Erdoğan'ın dünya siyasetine hükmeden liderlerle geniş boyutlu görüşmeler yaptıktan sonra Çin Seddi'ne yürümesi küresel diplomaside dikkat çekici rüzgârların esmesine yol açacak özellikler taşıyor. Cumhurbaşkanımız Erdoğan, (bugün) hem zamanlaması hem de sonuçları itibarıyle son derece önemli Çin ziyaretine başlıyor. Erdoğan-Obama-
Putin-Hollande ve Çin Cumhurbaşkanı Şİ CİNPİNG'in baş başa görüşmesine dikkatle bakınız.
Olası sonuçları: Uygur Türkleri'nin sıkıntıları giderilecek. Türkiye, Çin ile Ortadoğu/Afrika'da daha yakın çalışacak.
Enerji savaşında Türkiye-Çin beraberliği, Doğu Akdeniz'in kaderini etkileyecek.
Suriye'nin sınırlarını 100 yıl önce İngiliz'lerle beraber (Sykes-Pıcot anlaşması) Fransa ile yapılan görüşmenin gelecek aylarda yeni gelişmelerde merkeze oturacağı düşünülmelidir.
Erdoğan'ın Çin'i Suriye konusunda iknna etmesi, yeni Suriye'nin oluşmasında, Türkiye'nin merkeze oturmasını beraberinde getirecektir.

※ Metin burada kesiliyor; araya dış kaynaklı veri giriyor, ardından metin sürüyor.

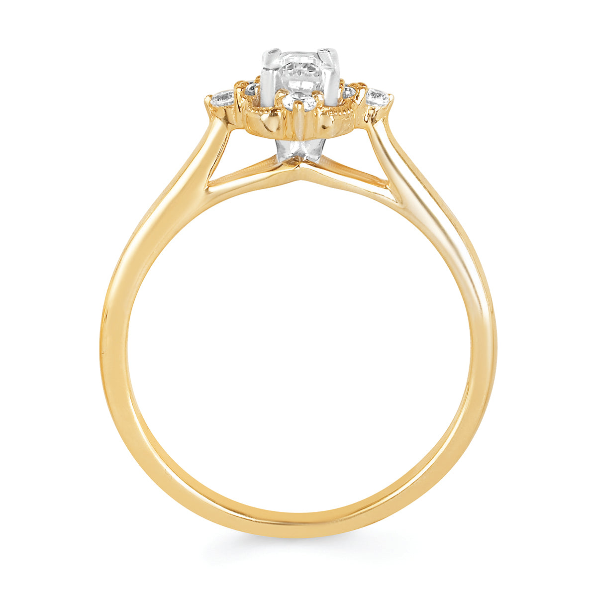Engagement Ring: Halo: 3/8 Ctw. Diamond Semi Mount Shown with 1/3 Emerald Cut Center Diamond in 14K Gold shown with Wedding Band in 14K Gold - Items also available to purchase separately

Türkiye-Çin yakınlaşması, Rusya lideri Putin'i de etkileyeceğinden, Suriye'de Esad sonrası yeni yönetim yolunda, çok hayati sonuçlar sağlanması mümkün olacaktır.
2013'te Türkiye, Çin ve Rusya'nın patronluğundaki Şanghay İşbirliği Örgütü (ŞİÖ) ile "diyalog ortaklığı" anlaşması imzalamıştı. Bu imzayla, Avrupa Birliği'ne (AB) alternatif olup olmayacağı tartışılan Şanghay Beşlisi ile işbirliği yönünde ilk resmi adım atılmış oldu. İmzayı atan Başbakan Ahmet Davutoğlu, "el ele ve omuz omuza yürüyeceği uzun bir yolun başlangıcında olunduğunu" dile getirmişti. Yeni Türkiye liderleri Erdoğan-
Davutoğlu, Türkiye'nin son dönemde dış politikasını farklı coğrafyalara açıyorlar.

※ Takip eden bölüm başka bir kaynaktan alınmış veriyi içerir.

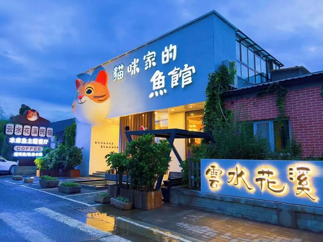 这是一家集民宿+餐厅的综合院落,中式庭院简约风,不仅有舒适的客房还有以密云水库鱼为主题的餐厅,集合了各种口味鱼的吃法,代表有麻辣鲜香的来凤鱼,酱香的秘制鲤鱼,鲜嫩的清蒸花鲢,酥脆的炸鱼串,以及烟火气十足的石城鱼糕火锅。

Bir taraftan, Şanghay Beşlisi'yle işbirliği, diğer taraftan Türkiye'nin Avrupa-Atlantik kurumlarındaki pozisyonu nedeniyle, bir KÖPRÜ kazandığı apaçık görünüyor.
Dünyanın ekonomik ve finansal merkezinin giderek Doğu'ya kaydığı bir süreçte, Türkiye'nin de Doğu-Batı arasındaki merkezi konumu nedeniyle Orta Asya ve Uzak Doğu'daki kurumlara ve ülkelere yakınlaşmak istemesinin haklı bir arayıştır. Bu gelişme, Türk-Amerikan işbirliğinin, Asya'ya uzanmasında ayrı bir kanal özelliği de taşımaktadır.
SONUÇ: İPEK YOLUNUN İKİ ESKİ UYGARLIĞININ LİDERLERİ ERDOĞAN VE Şİ CİNPİNG'İN STRATEJİK BERABERLİĞİ, YENİ ORTADOĞU HARİTASININ ÇİZİLMESİNDE HAYATİ BİR ÖNEME İŞARET EDİYOR.